WHAT TO DO:
The entries below contain a line with "Die Deckenleuchte Karbon" and a line with "Utility Room - A". Retype exactly everything from the first down to the second, both included, and nothing else.

THE DATA:
────────────────

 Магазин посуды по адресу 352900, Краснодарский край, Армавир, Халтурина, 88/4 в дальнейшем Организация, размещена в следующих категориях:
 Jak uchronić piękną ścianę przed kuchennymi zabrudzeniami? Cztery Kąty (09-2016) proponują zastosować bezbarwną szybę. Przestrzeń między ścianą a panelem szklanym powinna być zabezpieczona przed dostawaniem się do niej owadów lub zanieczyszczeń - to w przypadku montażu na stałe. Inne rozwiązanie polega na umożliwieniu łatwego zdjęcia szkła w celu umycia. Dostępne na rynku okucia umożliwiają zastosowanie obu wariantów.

────────────────

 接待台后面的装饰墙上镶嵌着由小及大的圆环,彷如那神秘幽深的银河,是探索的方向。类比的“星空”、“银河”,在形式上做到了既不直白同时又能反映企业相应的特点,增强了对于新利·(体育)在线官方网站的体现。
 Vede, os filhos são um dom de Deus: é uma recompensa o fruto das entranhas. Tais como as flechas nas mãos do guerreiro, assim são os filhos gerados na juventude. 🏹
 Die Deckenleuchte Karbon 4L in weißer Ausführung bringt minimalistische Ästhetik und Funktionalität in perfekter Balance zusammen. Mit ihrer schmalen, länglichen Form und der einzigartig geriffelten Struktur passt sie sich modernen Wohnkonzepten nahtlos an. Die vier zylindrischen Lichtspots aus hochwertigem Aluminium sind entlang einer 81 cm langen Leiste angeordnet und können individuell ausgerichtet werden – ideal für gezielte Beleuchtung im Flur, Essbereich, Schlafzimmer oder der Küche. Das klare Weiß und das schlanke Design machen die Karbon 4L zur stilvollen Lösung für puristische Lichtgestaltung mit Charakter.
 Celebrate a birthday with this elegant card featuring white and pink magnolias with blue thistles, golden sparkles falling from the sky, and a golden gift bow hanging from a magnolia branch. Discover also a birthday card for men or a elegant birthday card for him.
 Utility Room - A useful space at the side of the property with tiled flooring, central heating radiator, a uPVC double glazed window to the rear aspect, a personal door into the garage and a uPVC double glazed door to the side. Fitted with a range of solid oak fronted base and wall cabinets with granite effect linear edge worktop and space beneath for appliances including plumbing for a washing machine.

────────────────

ANSWER SPACE:
 Die Deckenleuchte Karbon 4L in weißer Ausführung bringt minimalistische Ästhetik und Funktionalität in perfekter Balance zusammen. Mit ihrer schmalen, länglichen Form und der einzigartig geriffelten Struktur passt sie sich modernen Wohnkonzepten nahtlos an. Die vier zylindrischen Lichtspots aus hochwertigem Aluminium sind entlang einer 81 cm langen Leiste angeordnet und können individuell ausgerichtet werden – ideal für gezielte Beleuchtung im Flur, Essbereich, Schlafzimmer oder der Küche. Das klare Weiß und das schlanke Design machen die Karbon 4L zur stilvollen Lösung für puristische Lichtgestaltung mit Charakter.
 Celebrate a birthday with this elegant card featuring white and pink magnolias with blue thistles, golden sparkles falling from the sky, and a golden gift bow hanging from a magnolia branch. Discover also a birthday card for men or a elegant birthday card for him.
 Utility Room - A useful space at the side of the property with tiled flooring, central heating radiator, a uPVC double glazed window to the rear aspect, a personal door into the garage and a uPVC double glazed door to the side. Fitted with a range of solid oak fronted base and wall cabinets with granite effect linear edge worktop and space beneath for appliances including plumbing for a washing machine.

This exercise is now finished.